Twitter Content Analysis – Pizza Motivation Use Case Description Our pizza shoppe would like to find some new marketing opportunities to target potential customers. We would like to better understand our potential customer bases and how we can target to them. More specifically, we would like to explore sentiment related to purchasing pizza so that we can target specific motivations with targeted marketing campaigns. For example, if it is common for someone to tweet about watching a game and eating pizza with beer, we may want to create a marketing campaign with visuals of pizza, beer, and game watching, or market our pizza in the same timeframe as commercials showing the upcoming games. Project Description Based on our use case, we will use Tweet content analysis to analyze motivations and associations with pizza consumption. The steps for our project are as follows:

  1. Collect Data [Twitter API]
  2. Create data visualizations [matplotlib]

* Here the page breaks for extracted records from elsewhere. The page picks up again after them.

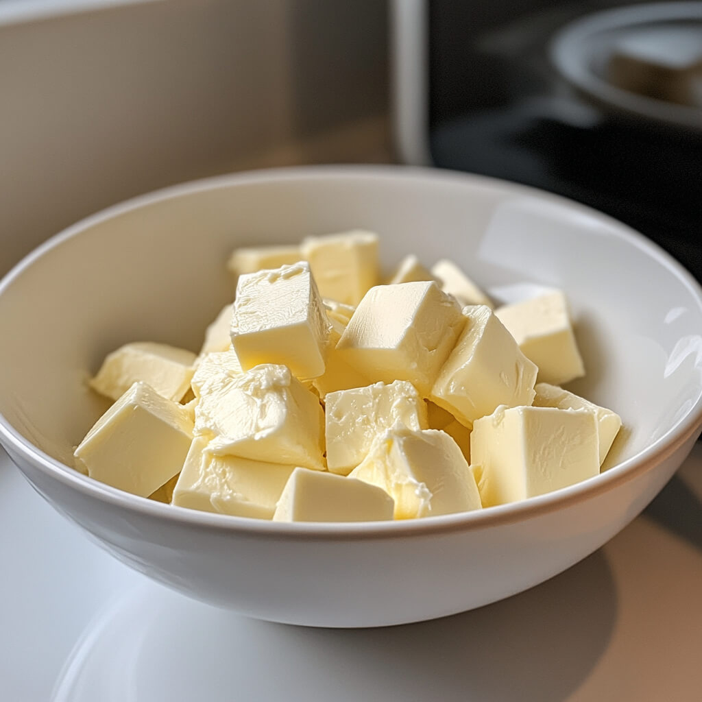 1️⃣ In a microwave-safe bowl, add cubed cream cheese and butter.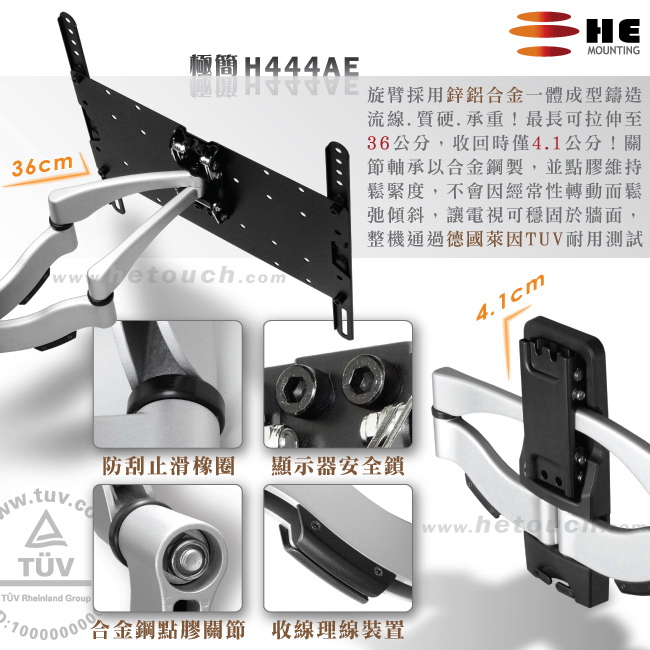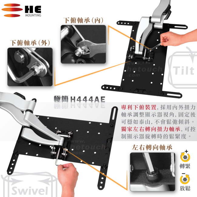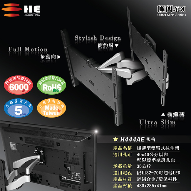 電視,不堪一摔! 所以HE堅持以消費者的安全性為優先考量,推薦您這一款H444AE壁掛架!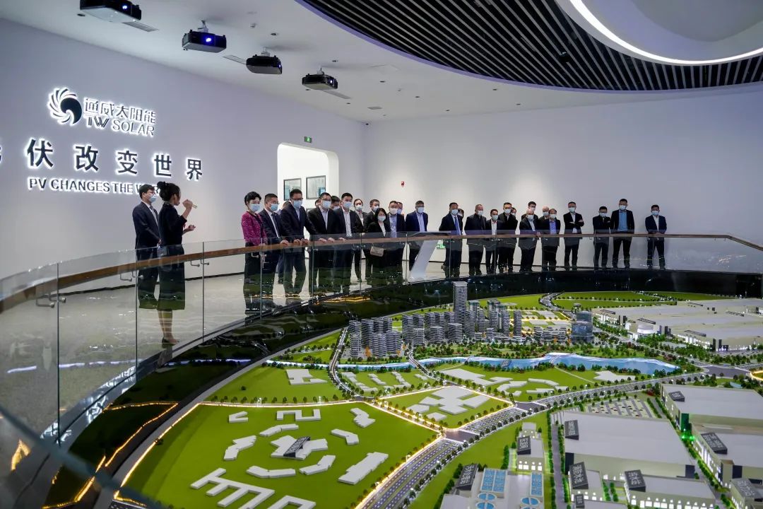萬濤董事長一行先后參觀了集團體驗中心、通威太陽能金堂基地,詳細(xì)了解了通威40年發(fā)展歷程以及綠色農(nóng)業(yè)、綠色能源的產(chǎn)業(yè)布局,對通威多年綠色發(fā)展成果和智能制造領(lǐng)先性給予高度贊賞。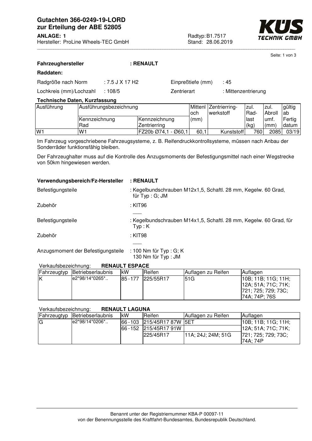 Felgengutachten / ABE für Alufelgen Proline B1.7517 (7.5Jx17 ET 0, Mittenloch 0 mm) mit KBA 52805 (Zertifikatsnummer KBA 52805). Hier kostenlos als PDF herunterladen. Der Download-Link ist 24 Stunden gültig und kann bis zu zwei Mal verwendet werden.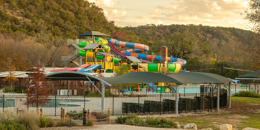 Camp Fimfo Texas Hill Country offers a wide range of accommodations, including custom-designed cabins, full hook-up RV sites, and tent camping options. Guests can enjoy an expansive suite of resort-style amenities such as a water park, pools, swim-up bars, scheduled family activities, mini-golf, on-site dining, and more, all designed to make outdoor stays effortless, comfortable, and memorable.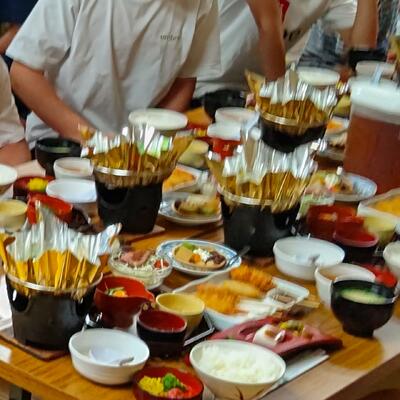 部屋のメンバーと楽しく落ち着いて食事を楽しんだ後は、出発の準備を整えます。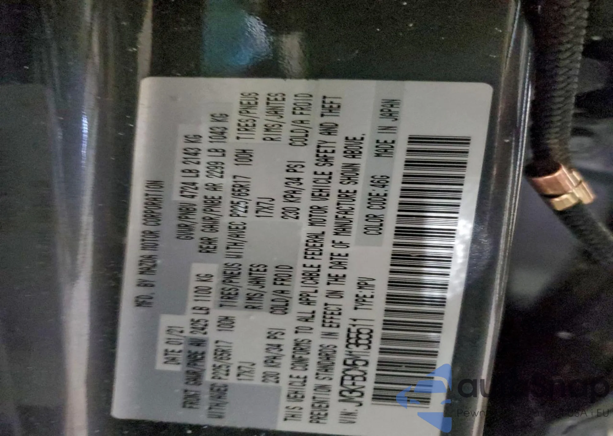 LOT: 99158445 VIN: JM3KFBCM5M1365511
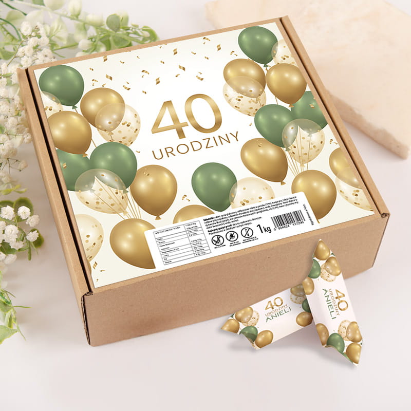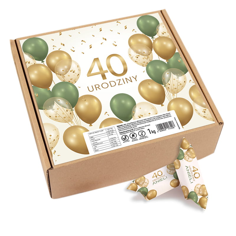 Krówki przygotowano z delikatnej, mlecznej masy o kremowej konsystencji i tradycyjnym smaku, który kojarzy się z dzieciństwem. Każdy cukierek został zapakowany w ozdobny papierek z nadrukiem przedstawiającym balony i konfetti w odcieniach złota, zieleni oraz bieli. Na środku widnieje napis z liczbą „40” oraz imieniem jubilata, dzięki czemu nawet najmniejszy szczegół przyjęcia jest dopracowany. Personalizowane krówki sprawdzą się zarówno jako słodki poczęstunek, jak i drobny prezent dla gości, który z pewnością wywoła uśmiech. Całość zapakowana jest w solidne pudełko o wadze 1 kg. Na wieczku znajduje się duży, elegancki nadruk z tą samą, spójną grafiką, co na papierkach. Złote i zielone balony dodają całości klasy, a pastelowe tło sprawia, że zestaw prezentuje się bardzo stylowo. Pudełko nie tylko ułatwia przechowywanie krówek, ale też samo w sobie może być dekoracją stołu lub częścią prezentu dla jubilata.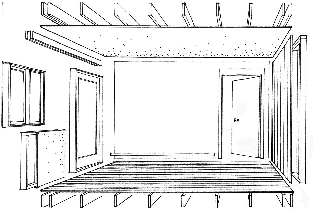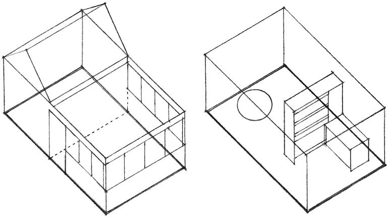 Interior spaces are formed first by a building’s structural system, further defined by wall and ceiling planes, and related to other spaces by windows and doorways. Every building has a recognizable pattern of these elements and systems. Each pattern has an inherent geometry that molds or carves out a volume of space into its likeness.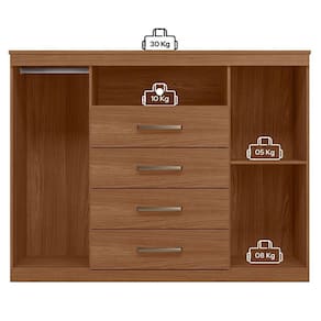 Comoda Havana Master Jatobá: A Cômoda Havana Master é espaço e funcionalidade para seu quarto: duas portas (uma com cabideiro), quatro gavetas espaçosas e tampo. Pés elevam o móvel facilitando a limpeza e o acabamento traz um toque elegante ao ambiente.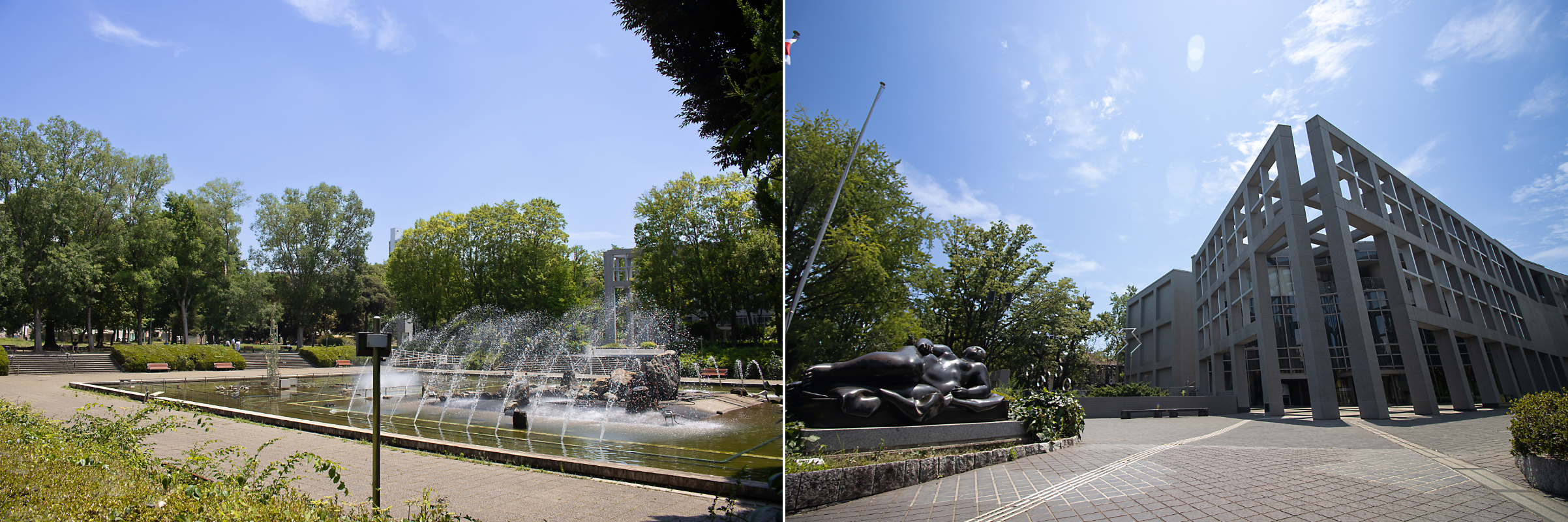 右/園内にある埼玉県立近代美術館(MOMAS)

  3. Tokenize Data [Textblob]
  4. Clean the data – remove non-english tweets, remove stop words, stem the words, remove @mentions, URLs, and RT/Retweet, unnecessary characters, etc. [pandas and Textblob]
  5. Add n-grams which will be used as features, then apply Tf-Idf which converts the n-grams into numbers that reflect their frequency within the tweet and inverse of frequency within the set. This is mapped as a matrix.
  6. Map the coordinates with MDS (multidimensional scaling) [sklearn]
  7. Cluster the map with K-means to identify clusters – with this, we can find the words most commonly associated with the top clusters. [sklearn]
  8. Visulize the results and optimize[matplotlib, sklearn]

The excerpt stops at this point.